Extracted records START

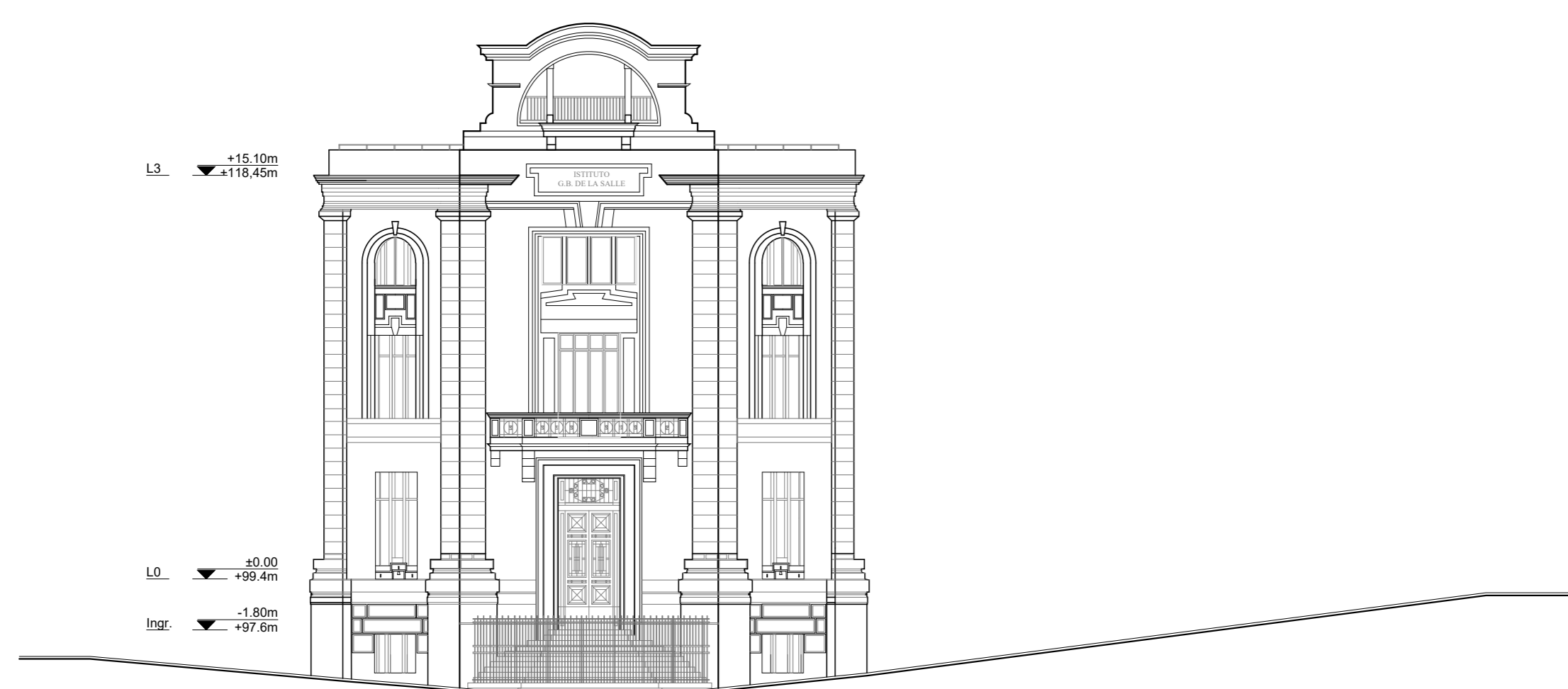
PROSPETTO INGRESSO PRINCIPALE
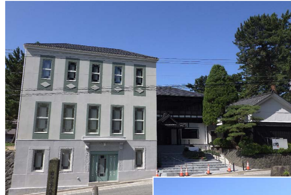
旧割烹小幡改修工事のうち 機械設備工事
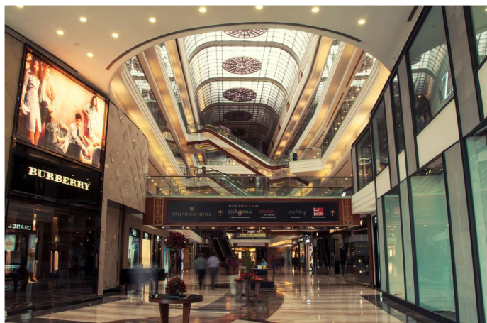
High Street Phoenix 内部
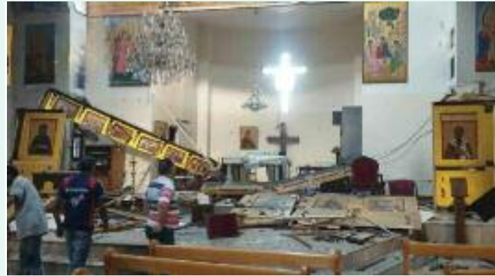
ਹੈਲਮੇਟਸ ਨੇ ਘਟਨਾ ਵਾਲੀ ਕੀਤੀ, ਜਿਸ ਵਿਚ ਚਰਚ ਦੇ ਥਾਂ ਤੋਂ ਲਾਈਵ ਸਟ੍ਰੀਮ ਅੰਦਰੋਂ ਤਬਾਹੀ ਦੇ ਦ੍ਰਿਸ਼

ਇਕ ਸੁਰੱਖਿਆ ਸੂਤਰ ਨੇ ਅਪਣਾ ਨਾਂ ਗੁਪਤ ਰੱਖਣ ਦੀ ਸ਼ਰਤ ਉੱਤੇ ਦਸਿਆ ਕਿ ਹਮਲੇ 'ਚ ਦੋ ਵਿਅਕਤੀ ਸ਼ਾਮਲ ਸਨ, ਜਿਨ੍ਹਾਂ ਵਿਚੋਂ ਇਕ ਨੇ ਖੁਦ ਨੂੰ ਉਡਾ ਲਿਆ ਸੀ। ਸੀਰੀਆ ਦੀ ਸਰਕਾਰੀ ਸਮਾਚਾਰ ਏਜੰਸੀ ਨੇ ਸਿਹਤ ਮੰਤਰਾਲੇ ਦੇ ਹਵਾਲੇ ਨਾਲ ਮ੍ਰਿਤਕਾਂ ਦੀ ਗਿਣਤੀ 9 ਦੱਸੀ ਹੈ ਅਤੇ 13 ਜ਼ਖਮੀ ਹੋਏ ਹਨ। ਸੀਰੀਆ ਦੇ ਸਿਵਲ ਡਿਫੈਂਸ ਵ੍ਹਾਈਟ
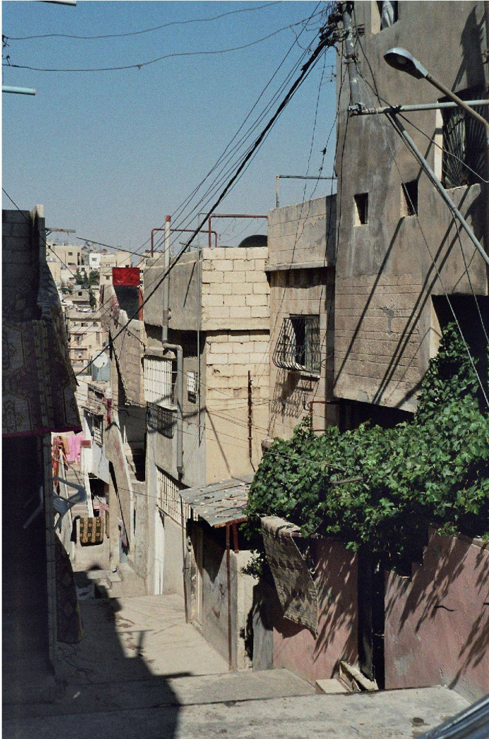
Fig. 6 : Entrée du réseau d'électricité dans le camp al-Husseïn à Amman
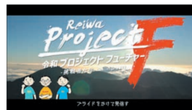
令和 プロジェクトフューチャー! プライドをかけて発信す
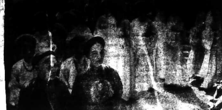
Quang cảnh lễ kỷ niệm hai Bà Trưng tại Hội Phố gần Bến G. Đình.

1 chiến hạm Mỹ chờ dãn dàn và được TREN ĐƯỜNG SANG V.N NORFOLK Virginia 16.3 (AP) - Một chiến hạm của Hải Quân Mỹ đang chờ đợi để được gửi sang Việt Nam.
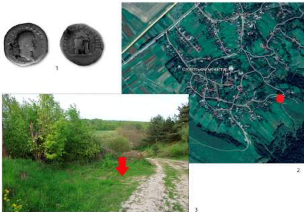
Рис. 1. Місце знахідки скарбу у с. Словіта (1 – на Google Maps; 2 – фото Н. Демського, 2023) та монета Тита (3) з нього (фото без масштабу)

Депозит, імовірно в кілька сотень монет, було випадково виявлено на початку 1975 р. під час розширення дороги на південно-східній околиці села, в ур. За копані (рис. 1, 2). Місце знахідки розташоване на північному схилі пагорба висотою близько 380 м н. р. м., який прилягає до прокладеної біля нього дороги (рис. 1, 3). Перші свідчення про скарб опубліковані в короткому повідомленні «Подарок римського імператора» («Подарунок римського імператора») у газеті «Труд», у номері від 25 лютого 1975 р., тобто практично відразу після його відкриття [Чернобров, 1975]. У тексті короткої замітки міститься інформація, що скарб нібито знайшов тракторист колгоспу ім. 17 вересня Ярослав Кіндрат під час проведення земляних робіт у Золочівському р-ні (без зазначення назви населеного пункту). Вказано також кількість монет – 500 шт., датованих часом імператора Веспасіана [Чернобров, 1975]. Повний зміст замітки повторно опубліковано 2000 р. у праці Владислава Кропоткіна із приміткою, що монети зберігаються у краєзнавчому музеї м. Золочева [Кропоткин, 2000, с. 51, № 2275]. Однак треба зауважити, що в 1970-х роках музею у Золочеві ще не існувало.
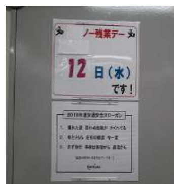
ノー残業デー掲示
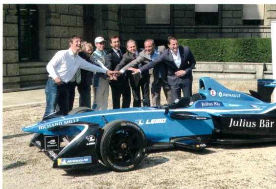
Veranstalter und Sponsoren des Zürcher E-Prix 2018 an der ETH Zürich.

Als weiterer Träger der FIA Formula E Meisterschaft tritt ABB als weltweiter
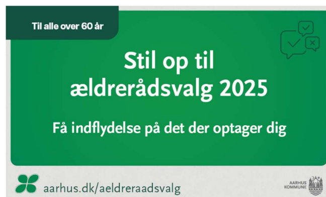
Eksempel på kommunikationsmateriale på LED-skærm.

Alle de opstillede kandidater fik taget ensartede portrætbilleder til brug i kommunikationsmateriale på blandt andet hjemmesiden og i Vital. Der blev den 23. september fra klokken 16-17 afholdt informationsmøde for de opstillede kandidater om valghandlingen og muligheden for at føre valgkamp. Her blev de også tilbudt 1.500 flyers hver med en forside om dem som kandidat og en ens bagside med information om selve valget. Alle kandidater takkede ja til flyer, som Sundhed og Omsorg fik produceret.
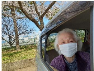
キレイな 桜を満喫
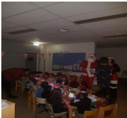
Kerstdinner met de Kerstman op bezoek

Wat hebben we een fijne avond gehad met elkaar. En wat zijn we verwend geweest door al dat lekkers waar de mama's en papa's hun best op hadden gedaan... dank!
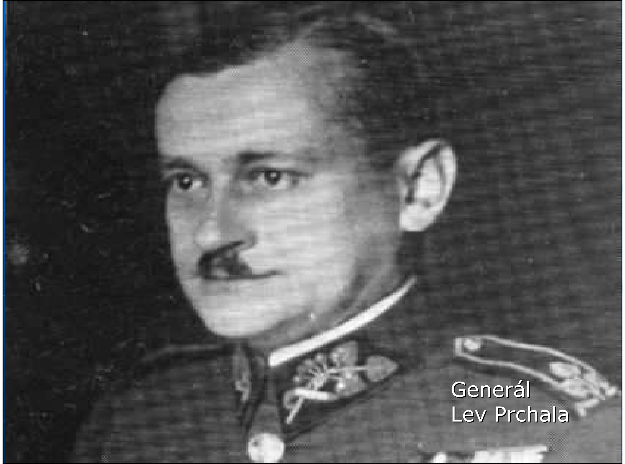
Generál Lev Prchala
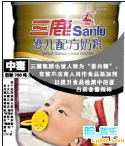
三鹿问题奶粉案一审宣判名单
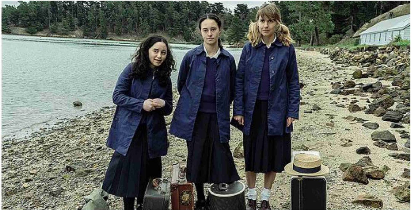
Dalla Nuova Zelanda Una scena di We Were Dangerous della regista Josephine Stewart-Te Whiu che sarà proiettato al Nuovo Sacher

Il cinema indipendente protagonista di tre rassegne: Lo Spiraglio , il festival dedicato al tema della salute mentale che si apre oggi al Maxxi; Immaginaria. International Film Festival of Lesbians & Other Rebellious Women da domani al Nuovo Sacher; «Il regista a due teste. Il cinema dei fratelli Coen», al Palazzo Esposizioni da domani. a pagina 13 Ulivi
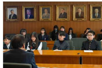
▲市長報告会の様子
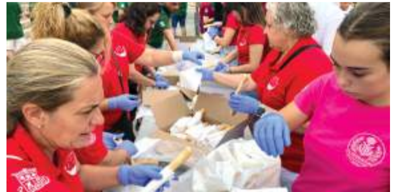
Repartiment d'orxata i fartons
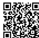
高圧・特別高圧のお客さま
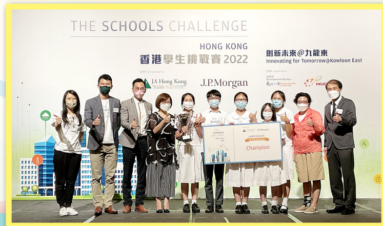
獲獎同學及指導老師到台上領獎

本校進入8強的隊伍，並於2022年6月25日（星期六）參加在九龍灣國際展貿中心(KITEC)舉行決賽。最終勇奪冠軍和季軍的佳績，冠軍隊伍同時奪得最具人氣解決方案獎，特此恭賀各得獎同學。
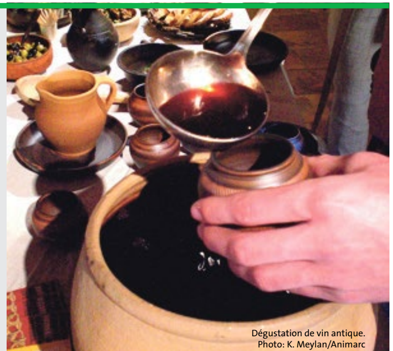
Dégustation de vin antique.
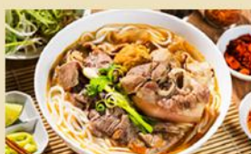
Bún Bò Huế
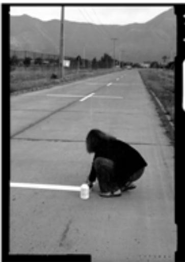
Lotty Rosenfeld, "Una milla de cruces sobre el pavimento". 1979.

La Escena de Avanzada, hecha de arte, de poesía y literatura, de escrituras críticas, se caracterizó por extremar su pregunta en torno a las condiciones límite de la práctica artística en el marco totalitario de una sociedad represiva; por apostar a la creatividad como fuerza disruptora del orden administrado que vigilaba la censura; por reformular el nexo entre “arte” y “política” fuera de toda dependencia ilustrativa al repertorio ideológico de la izquierda sin dejar, al mismo tiempo, de oponerse tajantemente al idealismo de lo estético como esfera desvinculada de lo social y exenta de responsabilidad crítica en la denuncia de los poderes establecidos.
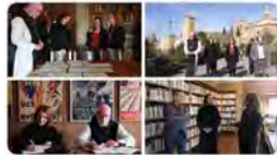
17:32 · 17 mar. 23 · 975 Visualitzacions

Justícia @justiciacat La consellera @emmaubasart signa un conveni de col·laboració entre el Memorial Democràtic (@catmemoria) i l'Arxiu Montserrat Tarradellas i Macià, situat al @ManestriPoble. L'objectiu és cooperar en activitats de recerca, difusió i foment de la memòria democràtica. Traducir Tweet
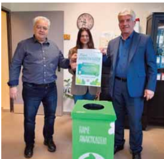
Συμμετέχουν μαζικά στον μαραθώνιο ανακύκλωσης Followgreen 2023 – 2024
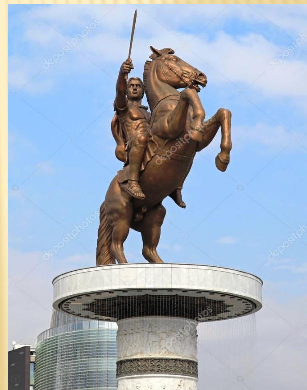
«Человек на лошади»

Extracted records END

What to produce:
Begin with the first line of the entries above and write out each line exactly, ending with the line containing "ਹੈਲਮੇਟਸ ਨੇ ਘਟਨਾ". Leave out pictures.

Task output:
PROSPETTO INGRESSO PRINCIPALE
旧割烹小幡改修工事のうち 機械設備工事
High Street Phoenix 内部
ਹੈਲਮੇਟਸ ਨੇ ਘਟਨਾ ਵਾਲੀ ਕੀਤੀ, ਜਿਸ ਵਿਚ ਚਰਚ ਦੇ ਥਾਂ ਤੋਂ ਲਾਈਵ ਸਟ੍ਰੀਮ ਅੰਦਰੋਂ ਤਬਾਹੀ ਦੇ ਦ੍ਰਿਸ਼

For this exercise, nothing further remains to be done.